Is there a cohesive plan to reimagine urban community vibrancy? Here or anywhere? What has happened instead seems to be a radical refusal of those within the conventional hierarchy to lead our way out of this abyss. The stock market is forging new highs, the vaccines are en route, and a new government has been elected. But the legacy of the leaders of the past nine months seems to be a delegation of authority to the lowest possible levels. Nero may have fiddled while Rome burned, but our leaders have simply dithered in what has become a willful dereliction of duty. Sadly, we have just about run out of time.
Nature abhors a vacuum, if you don’t tend your garden it will be choked with weeds. Thus, in the absence of any serious, multilateral, cohesive approach to urban reimagining, each community must go at a solution on its own. Each tiny retailer. Each minor landlord. Each performance space. Each coffee shop and restaurant. Each hotel and airline. Each church, mosque and synagogue.
It is as though we are living in a 2020 version of an Ayn Rand brutal, objectivist industrial world. Or more recently, as seen on this season of The Crown, an unforgiving Thatcheresque didactic vision of personal responsibility as the antidote to powerful and pervasive cultural atrophy.
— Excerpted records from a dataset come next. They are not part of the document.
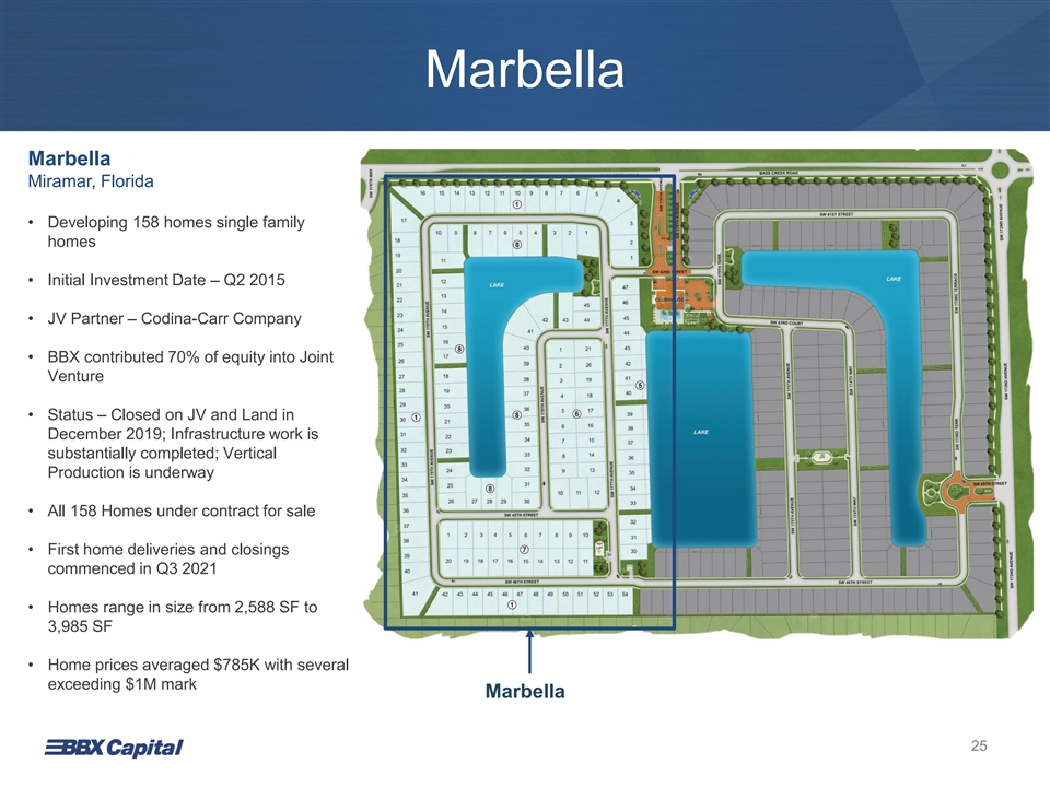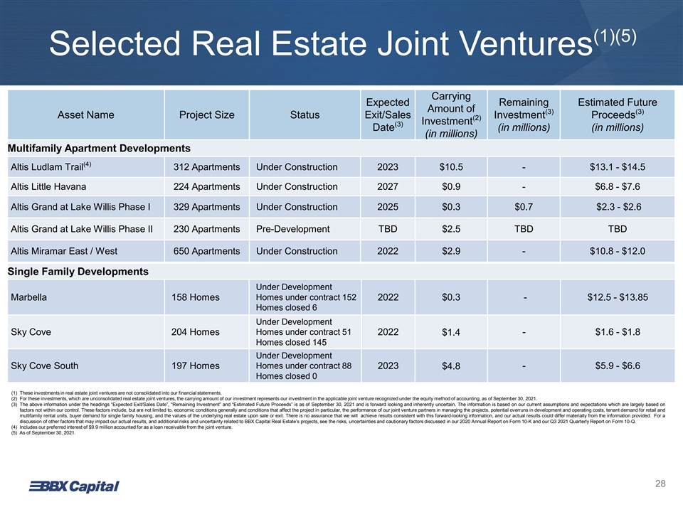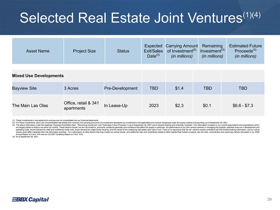 (1)(5) Selected Real Estate Joint Ventures Carrying Expected Remaining Estimated Future Amount of (3) (3) Asset Name Project Size Status Exit/Sales Investment Proceeds (2) Investment (3) Date (in millions) (in millions) (in millions) Multifamily Apartment Developments (4) Altis Ludlam Trail 312 Apartments Under Construction 2023 $10.5 - $13.1 - $14.5 Altis Little Havana 224 Apartments Under Construction 2027 $0.9 - $6.8 - $7.6 Altis Grand at Lake Willis Phase I 329 Apartments Under Construction 2025 $0.3 $0.7 $2.3 - $2.6 Altis Grand at Lake Willis Phase II 230 Apartments Pre-Development TBD $2.5 TBD TBD Altis Miramar East / West 650 Apartments Under Construction 2022 $2.9 - $10.8 - $12.0 Single Family Developments Under Development Marbella 158 Homes Homes under contract 152 2022 $0.3 - $12.5 - $13.85 Homes closed 6 Under Development Homes under contract 51 Sky Cove 204 Homes 2022 $1.4 - $1.6 - $1.8 Homes closed 145 Under Development Sky Cove South 197 Homes Homes under contract 88 2023 - $5.9 - $6.6 $4.8 Homes closed 0 (1) These investments in real estate joint ventures are not consolidated into our financial statements. (2) For these investments, which are unconsolidated real estate joint ventures, the carrying amount of our investment represents our investment in the applicable joint venture recognized under the equity method of accounting, as of September 30, 2021. (3) The above information under the headings “Expected Exit/Sales Date”, “Remaining Investment” and “Estimated Future Proceeds” is as of September 30, 2021 and is forward looking and inherently uncertain. The information is based on our current assumptions and expectations which are largely based on factors not within our control. These factors include, but are not limited to, economic conditions generally and conditions that affect the project in particular, the performance of our joint venture partners in managing the projects, potential overruns in development and operating costs, tenant demand for retail and multifamily rental units, buyer demand for single family housing, and the values of the underlying real estate upon sale or exit. There is no assurance that we will achieve results consistent with this forward-looking information, and our actual results could differ materially from the information provided. For a discussion of other factors that may impact our actual results, and additional risks and uncertainty related to BBX Capital Real Estate’s projects, see the risks, uncertainties and cautionary factors discussed in our 2020 Annual Report on Form 10-K and our Q3 2021 Quarterly Report on Form 10-Q. (4) Includes our preferred interest of $9.9 million accounted for as a loan receivable from the joint venture. (5) As of September 30, 2021. 28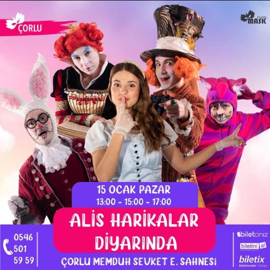 Masal tadında kostümleri ve eğlenceli kurgusuyla Alis Harikalar Diyarında, 15 Ocak Pazar günü 13:00, 15:00 ve 17:00 saatlerinde olmak üzere üç ayrı seansla Çorlu Memduh Şevket Esendal Sahnesi’nde sahnelenecek.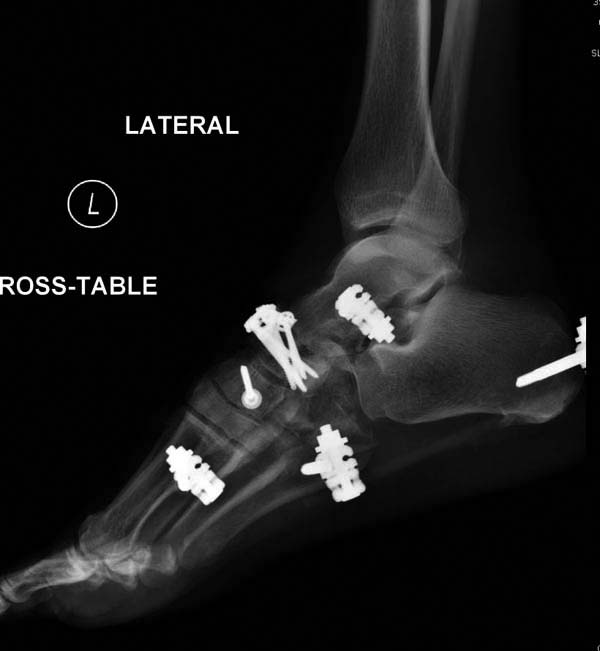 Через три дня оперирована стопа и для нейтрализации сил колонн оставили наружный фиксатор.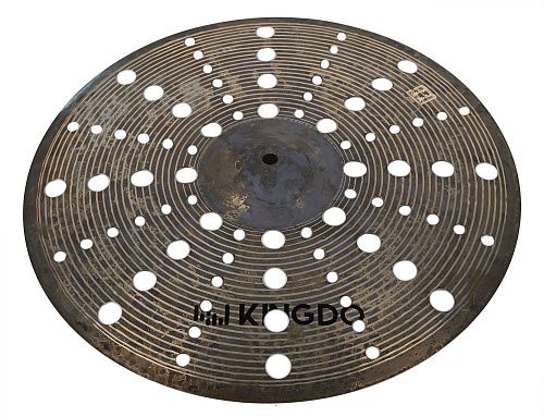 Тарелки KINGDO COLLECTION EXTREME EFFECT имеют сухой, "грязный" звук с быстрой атакой и быстрым затуханием, благодаря множеству отверстий, отделка поверхности, натуральная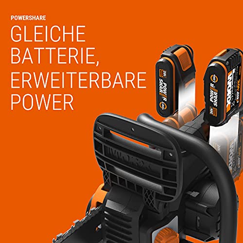 Die kettensäge kann per allen WORX 20V PowerShare Akkus genutzt werden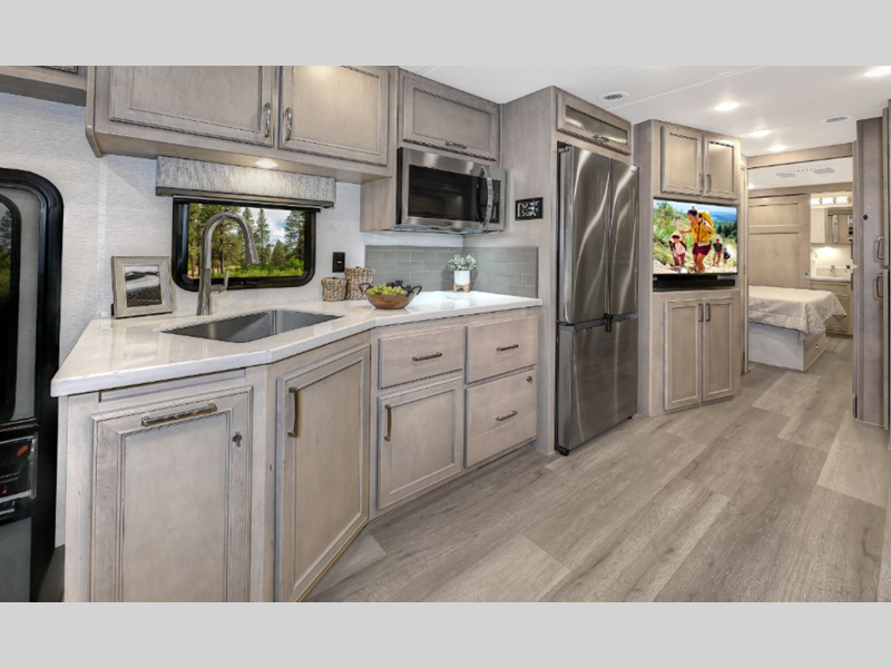 Each is built with aerodynamic fiberglass front and rear caps in two-pieces for easy replacement, a crowned fiberglass roof surface, and includes "Super Sandwich" floor construction with galvanized vapor barrier. The beautiful interior gives you luxury throughout with beautiful maple hardwood cabinets with soft closing drawers topped with solid surface countertops, stainless steel appliances, a French door refrigerator, and Ultra-Soft furniture. And the entertainment and electrical systems are something to boast about!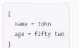 In Terraform HCL, an object type of object({name=string, age-number}) would match this value.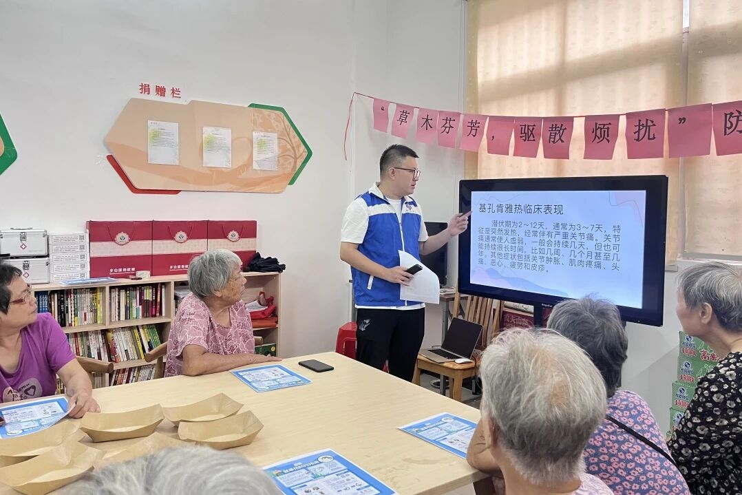 活动伊始,社工通过宣传单和PPT的方式讲解基孔肯雅热和登革热对人体的危害性、临床症状以及症状持续时间,使长者充分了解该疾病会造成人体关节肿胀、肌肉疼痛、头痛、恶心、疲劳和皮疹等影响,提高长者的警惕性。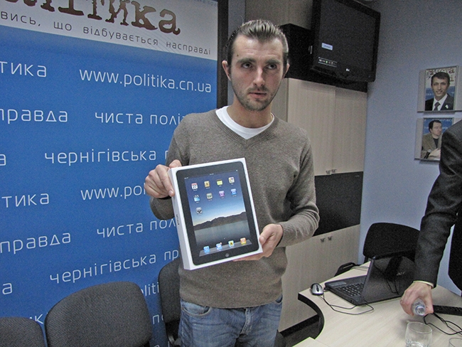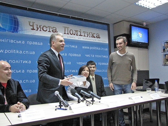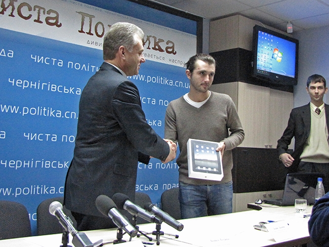 Присутній на цьому заході Чернігівській міській голова Олександр Соколов вручив переможцю головний приз конкурсу планшетний комп’ютер Ipad Apple.

And so, the dystopian city and the country continue to bleed, hemorrhaging jobs, power and, yes, compassion.
The Brave March Forward
What is needed is not the audacity of hope, but rather the audacity of leadership. We long for leaders who have the willingness writ large to envision a unified thesis of what the next normal entails and how we will get from here to there, identifying the mile markers along the path and describing what success will look like. The future will be different if we learn the lessons of the past and the present. Right now, we have a glimpse of it in exactly the same way we have the intimation of reality that’s refracted from a disco ball, contingent on where we’re dancing and what Kool-Aid we’ve been imbibing.
The essential problem of envisioning a new future, as Faith Popcorn will tell you, is that you’re almost certainly going to get it wrong. But that doesn’t mean we shouldn’t put a stake in the ground.
Our local leaders have met their deer-in-the-headlights moment and they are now in a transitional moment bridging the past to a still uncertain future. Unwilling to place bets on any forceful, unified course of action. Frightened of the potential cascading effects of unintended outcomes or poll numbers or future career potential. The lamest of lame ducks, willing only to decry the situation and what others have or have not done.
And so, we walk on, through a grim crisis of metaphysical proportions. We walk through the urban landscape, rather than circle the scenic Central Park Reservoir. We imagine a vision for this city: to become the model, the first mover of a new urban community vibrancy. We state the essential objectives:
- A robust small business and entrepreneurial engine, flexible enough to serve a neighborhood and future focused enough to create a national and, dare one say it, global constituency.
- A boundary shifting arts and culture scene that thrills and amazes, demanding to be seen.
- A series of welcoming, affordable neighborhoods, easily reached by clean and efficient mass transit, offering world-class education, recreation and wellness services.
There are more concrete goals than the musings of my wanderings. We hope, springing eternal, that our leaders ponder them, align and state them publicly. Nothing in life happens without an idea and perfect ideas do not spring from Zeus’s head. They need a plan. And plans need to be executed. Imagine above all what it might be like to have a shared vision of a meaningful future, even now in the winter of our discontent.